Notice You can select and obtain up to 40 MB of data from an object whose size does not exceed 128 MB in the OSS console.
  1. Log on to the OSS console.
  2. In the left-side navigation pane, click Buckets. On the Buckets page, click the name of the bucket from which you want to select object content.
  3. In the left-side navigation pane, choose Files > Files.
  4. On the Files page, choose More > Select Content in the Actions column corresponding to the object from which you want to select content.
  5. In the Select Content panel, specify the following parameters:
    • File Type: Select the content type of the object. Valid values: CSV and JSON.
    • Delimiter: Specify this parameter for CSV files. Valid values: comma (,) and Custom.
    • Title Line: Specify this parameter for CSV files. You can configure this option to specify whether the first row of the object contains a column heading.
    • JSON Display Mode: Select the display mode for JSON objects.
    • Compression Format: Specify whether to compress the current object. Currently, only GZIP-based compression is supported.
  6. Click Preview to preview the object.
    Notice When you preview Standard objects, you are charged for data scanning by OSS Select. When you preview IA, Archive, and Cold Archive objects, you are charged for data scanning by OSS Select and data retrieval.
  7. Click Next Step. Enter and execute an SQL statement.
  8. View the query result. Click Download to download the selected content to the local device.
    For example, a CSV file named People contains the following columns: Name, Company, and Age.
    • To query people who are above 50 years old and whose names start with Lora, execute the following SQL statement.
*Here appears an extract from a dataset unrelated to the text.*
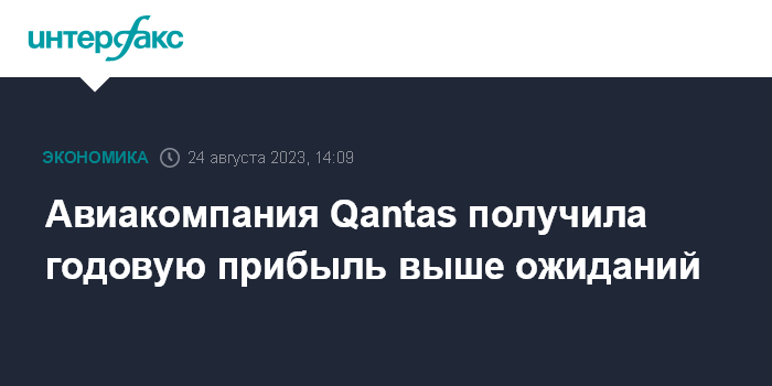 Москва. 24 августа. INTERFAX.RU - Крупнейший авиаперевозчик Австралии Qantas Airways Ltd. завершил 2023 финансовый год с прибылью и выручкой лучше ожиданий. Компания объявила обратный выкуп акций.

In the statement, _1, _2, and _3 specify column indexes. _1 specifies the index of the first column. _2 specifies the index of the second column. _3 specifies the index of the third column.
      select * from ossobject where _1 like 'Lora*' and _3 > 50
    • To query the number of rows in the object, maximum age, and minimum age, execute the following SQL statement:
      select count(*), max(cast(_3 as int)), min(cast(_3 as int)) from oss_object

Use OSS SDKs

You can use only OSS SDKs for Java and Python to query objects.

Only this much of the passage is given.